Yoram Kochavy יורם כוכבי

Personal information
- Nationality: Israeli
- Born: November 19, 1962 (age 63) Israel
- Height: 5 ft 11.5 in (181.6 cm)
- Weight: 148 lb (67 kg)

Sport
- Sport: Swimming
- Strokes: butterfly medley
- College team: University of Georgia and University of Denver

= Yoram Kochavy =

Israeli swimmer

Yoram Kochavy (יורם כוכבי; born November 19, 1962) is an Israeli former Olympic swimmer.

==Early life and education==
Kochavy was born in Israel, and is Jewish. In 1981 he attended the University of Georgia, and competed for the university in swimming. He attended University of Denver, where he obtained a Bachelor of Science in Computer Science and Psychology in 1986, and a Master of Science in Computer Science in 1987.

==Swimming career==
At the 1981 Maccabiah Games, Kochavy won a silver medal and two bronze medals.

When he competed in the Olympics, he was 5 ft 7.5 in tall and weighed 148 lb.

Kochavy competed for Israel at the 1984 Summer Olympics in Los Angeles, California, in swimming at the age of 21. Swimming in the Men's 400 metre Individual Medley he came in 16th with times of 4:35.70 in Round One and 4:40.00 in the B Final, competing in the Men's 200 metre Butterfly he came in 22nd with a time of 2:04.08, and swimming in the Men's 200 metre Individual Medley he came in 27th with a time of 2:11.81.
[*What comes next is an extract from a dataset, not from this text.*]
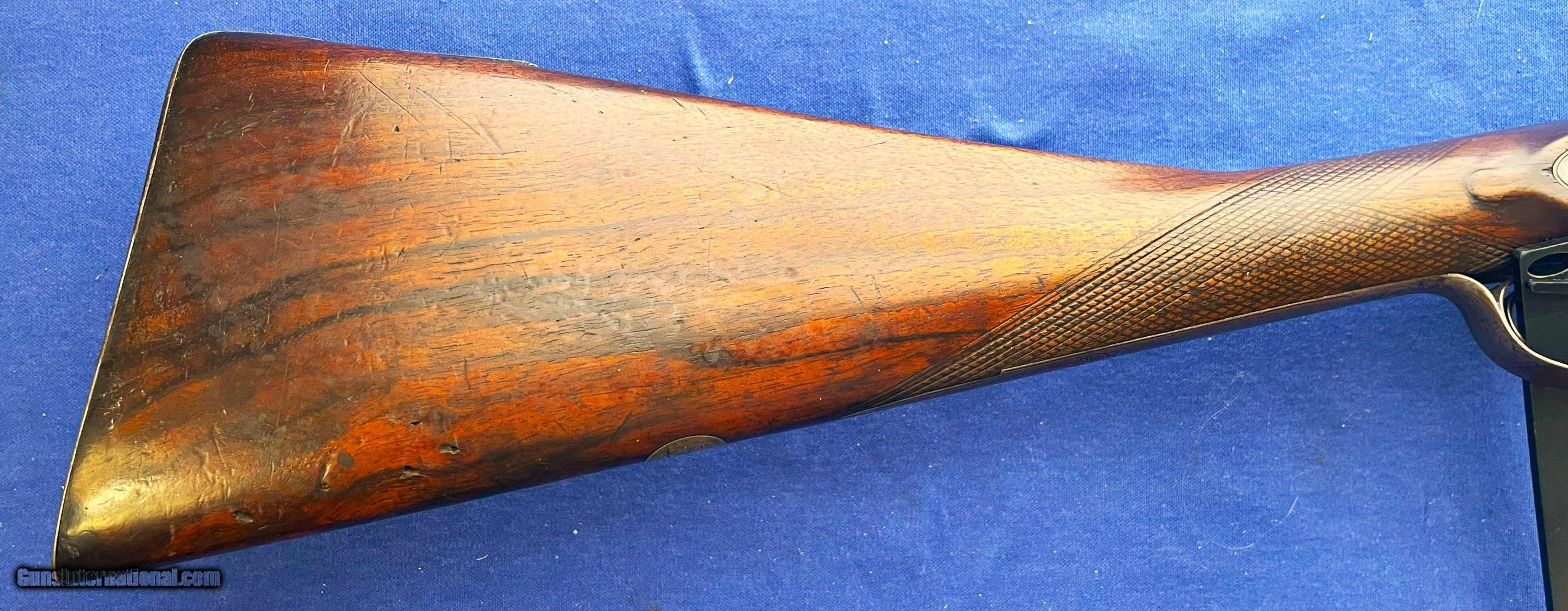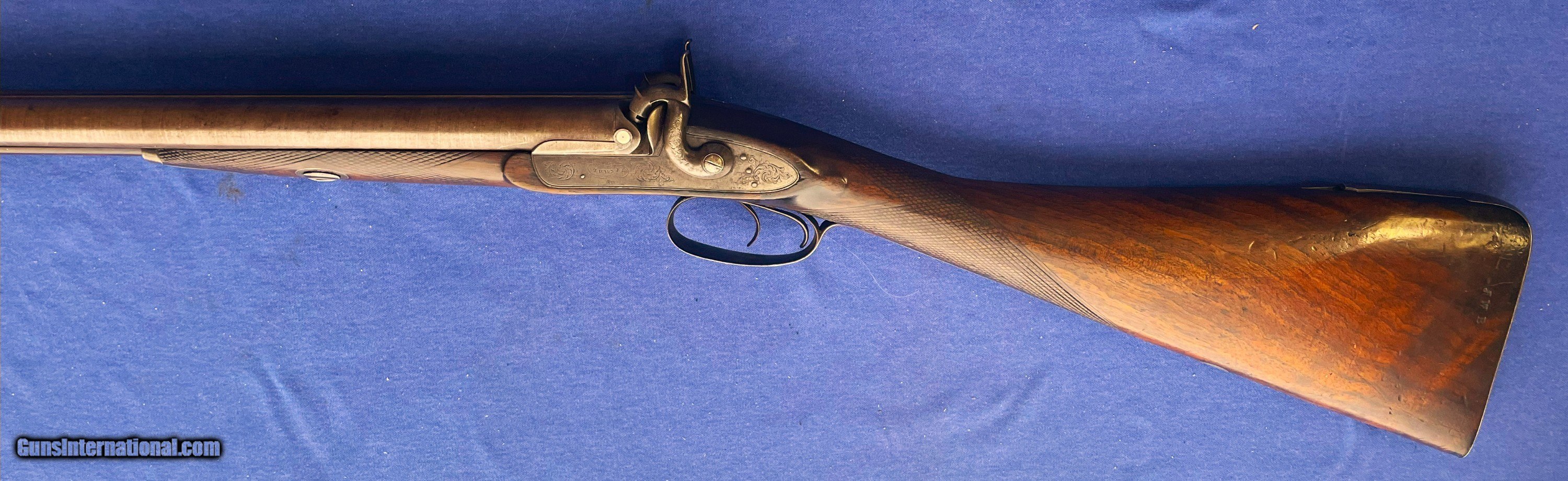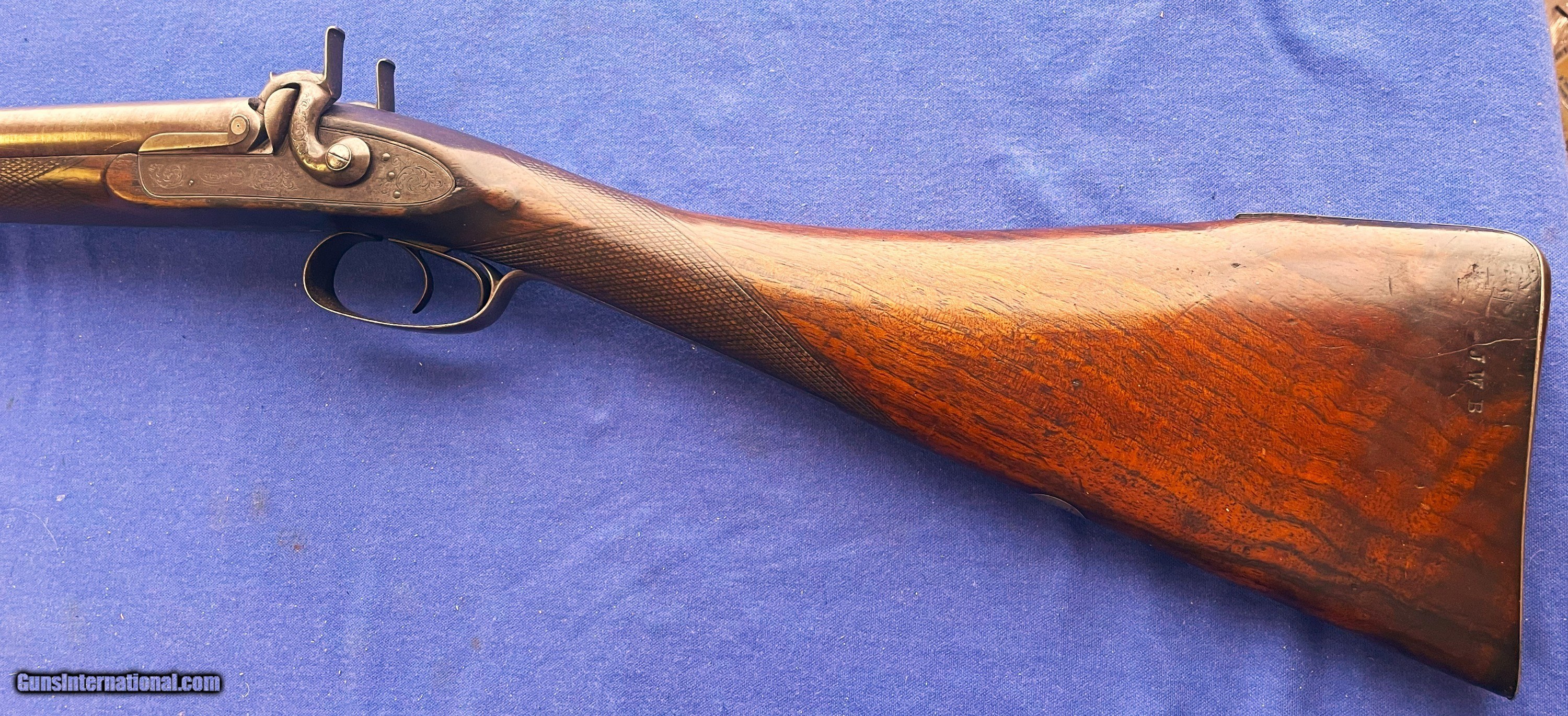 Description: 1860s CIVIL WAR ERA THOMAS TURNER 14 ga. ENGLISH SxS DOUBLE BARREL PERCUSSION SHOTGUN. 28" BARRELS, FINE BRIGHT PIT FREE BORES. RIB MARKED "THOs. TURNER. 3. MIDDLE ROW. READING." (A LISTED ENGLISH MAKER) IT STILL SHOWING GOOD TWIST PATTERN WITH SOME MINOR SCATTERED BLEMISHES. METAL SURFACES A NICE EVEN BROWINISH COLOR. LOCK PLATES, HAMMERS, TRIGGERGUARD, NOSE PLATE & BUTTPLATE HAVE FINE QUALITY FOLATE ENGRAVING. LOCKS ARE CRISP WITH 2 CLICK HAMMERS. WALNUT STOCK SHOWS EXTRA GRAIN FIGURE, NO CRACKS or CHIPS WITH SOME EXPECTED WEAR & USE MARKS. OVERALL THIS IS A QUALITY DOUBLE THAT SHOULD BE A QUICK HANDLING BIRD GUN IF WANTED WITH A WEIGHT OF ONLY ABOUT 5 1/2 POUNDS. $50.00 S&H DIRECT TO YOU IN U.S. ANYWHERE THAT'S OK, NO LICENSE NEEDED. NO SALES TO NEW YORK STATE ! SOLD Antique: Yes Shotgun Gauge: 14 Gauge Manufacturer: THOMAS TURNER Model: PERCUSSION Barrel Length: 28 Bore: BRIGHT Chambers: 2 Condition: NEAR EXCELLENT Metal Condition: ORIGINAL Wood Condition: EXCELLENT Bore Condition: EXCELLENT Barrels: FINE TWIST Barrel Type: SxS Action: CRISP & TIGHT Triggers: DOUBLE Stock: WALNUT Fore End: WALNUT Butt Pad: METAL LOP: 14 Rib: MAKER MARKED Finish: ORIGINAL Weight: 5 lb 8oz Manufacture Date: 1860s ERA Choke Left: .72 Choke Right: .72 |

At the 1985 National Association of Intercollegiate Athletics (NAIA) Men's Swimming and Diving Championships, swimming for University of Denver, Kochavy won gold medals in both the 200 (in 1:54.04) and 400 yard (in 4:02.63) Individual Medleys and the 200 yard Butterfly, and was the NAIA High Point Award Winner. His three titles that year still stand as a tie for the existing NAIA record for most individual swimming titles in a year. That year he also set the record of the university in the 200 individual medley, which still stands, of 1:54.05, and set a record in the 400 individual medley which stood until 2001. At the 1986 NAIA Championships, he again won the 200 yard Individual Medley (in 1:55.09).